問1FP不動産⑤ 接道義務(敷地と道路の関係)
建築基準法上の敷地と道路の関係に関する次のア・イの記述について、その正誤の組み合わせとして最も適切なものを1つ選びなさい。
- ア.建築物の敷地は、原則として道路に二メートル以上接しなければならない。
- イ.接道義務における「道路」とは、幅員四メートル以上のものをいうのが原則である。
- アー正、イー正
- アー正、イー誤
- アー誤、イー正
- アー誤、イー誤
解答・解説を見る
正解:1(アー正、イー正)
- ア.正しい
- 43条1項のとおり → 正しい
建築基準法第43条第1項「建築物の敷地は、道路」e-Gov原文
建築基準法第43条第1項「に二メートル以上接しなければならない」e-Gov原文
ひっかけ接道義務は「幅員4m以上の道路」に「2m以上」接することが基本(42条1項・43条1項)。
解説建築基準法上の「道路」は、原則として幅員四メートル以上のものをいい(42条1項)、建築物の敷地はこの道路に二メートル以上接しなければならない(43条1項、接道義務)。この2つの数値(道路の幅員4m、接道の長さ2m)はFP試験の不動産分野で頻出の基本数値である。
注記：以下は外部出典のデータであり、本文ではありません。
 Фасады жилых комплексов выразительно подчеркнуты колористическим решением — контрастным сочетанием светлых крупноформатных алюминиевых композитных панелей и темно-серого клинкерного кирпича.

補足幅員4m未満でも特定行政庁の指定を受けた道(42条2項、いわゆる2項道路)は道路とみなされ、この場合は原則として道路中心線から2m後退(セットバック)した線が道路境界線とみなされる。
問2FP不動産⑤ 道路内の建築制限
道路内の建築制限に関する次のア・イの記述について、その正誤の組み合わせとして最も適切なものを1つ選びなさい。
- ア.建築物又は敷地を造成するための擁壁は、地盤面下に設けるものを含め、例外なく道路内に、又は道路に突き出して建築し、又は築造してはならない。
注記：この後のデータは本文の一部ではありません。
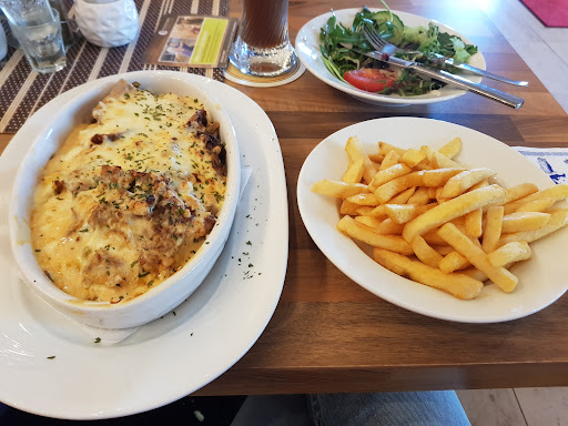 Read moreHotel mit Restaurant. Die Inneneinrichtung ist modern. Der Speiseraum wirkt optisch beeindruckend, ist aber für die Akustik nicht besonders förderlich. Parkplätze sind vorhanden. Die Getränke wurden fix aufgenommen. Es blieb ausreichend Zeit die Gerichte auszuwählen bis die Getränke serviert wurden. Wir hatten zu fünft eine Warme und eine Kalte Vorspeisenplatte. Hier ist das Preis/Leistungsverhältnis hervorragend. Zum einstimmen auf den Hauptgang war die Platte reichlich belegt mit allem was gängige Vorspeisen sind und geschmacklich auch sehr gut, hier gab es nichts zu bemängeln. Das dazu servierte Brot war auch echt sehr gut. Das Taramas war mMn. nicht selber gemacht aber in Ordnung. Tzaziki war sehr gut. Als Hauptgang hatte ich den Zeus Teller. Die Pommes dazu waren nicht gut, zu kurz frittiert. Das Gyros war richtig klasse, schön saftig und gut gewürzt. Mein souvlaki war unten verbrannt und dadurch sehr trocken, aber sonst vernünftig gewürzt. Die Calamari waren auf den Punkt frittiert und lecker. Die beiden Scampi waren sehr gut gemacht. Was mich irritiert hat war der Umstand dass auf allen Gerichten,Vor und Hauptspeise, jede Menge Oregano drauf war. Das Essen war auch ohne die Zugabe von Oregano gut, dies könnte man sich evtl. sparen. Alles in allem kann ich das Lokal empfehlen. Atmosphäre ist entspannt, der Service ist freundlich und schnell, reservieren...

- イ.道路内の建築制限には、公衆便所その他これに類する公益上必要な建築物であっても、特定行政庁の許可の有無を問わず一律に適用され、例外は認められない。
- アー正、イー正
- アー正、イー誤
- アー誤、イー正
- アー誤、イー誤
解答・解説を見る
正解:4(アー誤、イー誤)
- ア.誤り
- 地盤面下の建築物は例外 → 誤り
建築基準法第44条第1項「道路内に、又は道路に突き出して建築し、又は築造してはならない」e-Gov原文
- イ.誤り
- 特定行政庁の許可により例外が認められる → 誤り
建築基準法第44条第1項第2号「公衆便所、巡査派出所その他これらに類する公益上必要な建築物で特定行政庁が通行上支障がないと認めて建築審査会の同意を得て許可したもの」e-Gov原文
ひっかけ道路内建築の禁止は「地盤面下」の建築物や「特定行政庁の許可を得た公益上必要な建築物」には及ばない(44条1項各号)。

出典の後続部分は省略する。